[What you will do] Omitting all images, transcribe the listing word for word.

[Data extract]

Content starts

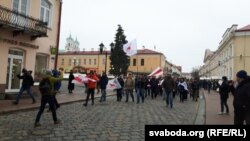 У Горадні некалькі дзясяткаў чалавек прайшлі зь бел-чырвона-белымі сьцягамі па цэнтральнай вуліцы, пратэстуючы супраць дэкрэту № 3.
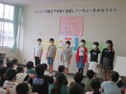 5時間目に学年集会をしました。子供たちが考えたスローガンや思いを全体で確認し、一人一人がどのような姿になりたいかゴールまでの見通しをもちました。6時間目には、酒井先生に合唱指導をしていただきました。声の出し方、姿勢、2曲の歌を歌うときに気を付けるポイント等、子供たちは、たくさん学ぶことができました。
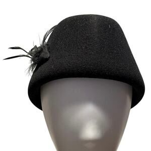 Elegant vintage wool hat by Morgan Taylor, made in Italy. Features a structured, asymmetrical shape with a rounded crown and a turned brim. Adorned with a chic feather and fabric embellishment on one side. Made of 100% wool with a soft interior band. WPL 8048 tag suggests it was produced before 1984. One size fits most. Measures 21.5” inside the rim. Preowned, near mint vintage condition.
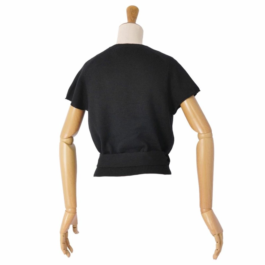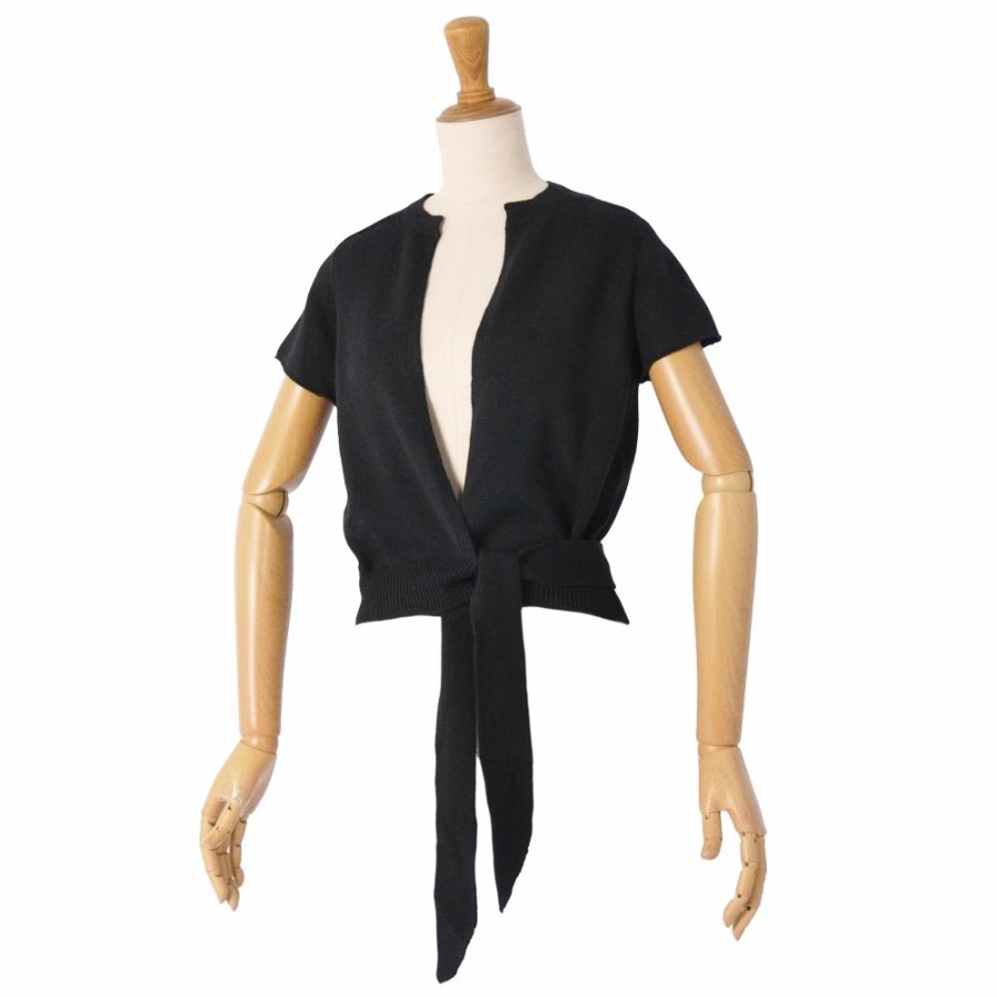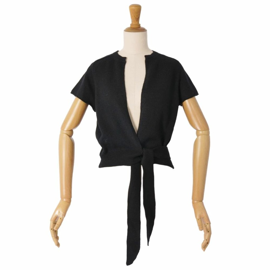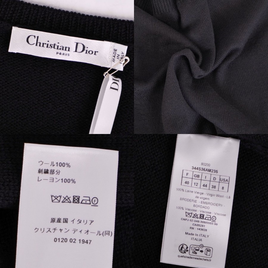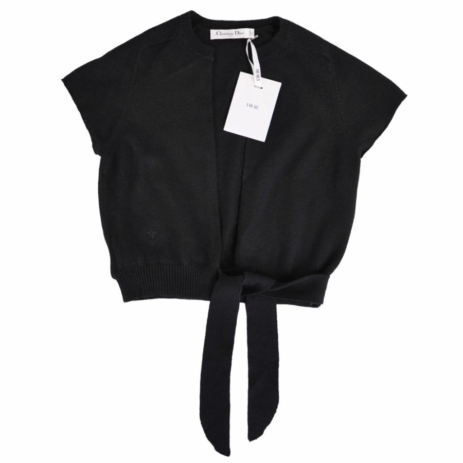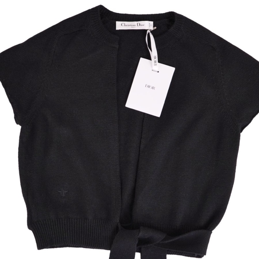 クリスチャンディオール Christian Dior カーディガン 2023 ニット ショートスリーブ 半袖 ウール トップス レディース イタリア製 ブラック サイズ40(L相当)

Content ends

[Written reply]
 У Горадні некалькі дзясяткаў чалавек прайшлі зь бел-чырвона-белымі сьцягамі па цэнтральнай вуліцы, пратэстуючы супраць дэкрэту № 3.
 5時間目に学年集会をしました。子供たちが考えたスローガンや思いを全体で確認し、一人一人がどのような姿になりたいかゴールまでの見通しをもちました。6時間目には、酒井先生に合唱指導をしていただきました。声の出し方、姿勢、2曲の歌を歌うときに気を付けるポイント等、子供たちは、たくさん学ぶことができました。
 Elegant vintage wool hat by Morgan Taylor, made in Italy. Features a structured, asymmetrical shape with a rounded crown and a turned brim. Adorned with a chic feather and fabric embellishment on one side. Made of 100% wool with a soft interior band. WPL 8048 tag suggests it was produced before 1984. One size fits most. Measures 21.5” inside the rim. Preowned, near mint vintage condition.
 クリスチャンディオール Christian Dior カーディガン 2023 ニット ショートスリーブ 半袖 ウール トップス レディース イタリア製 ブラック サイズ40(L相当)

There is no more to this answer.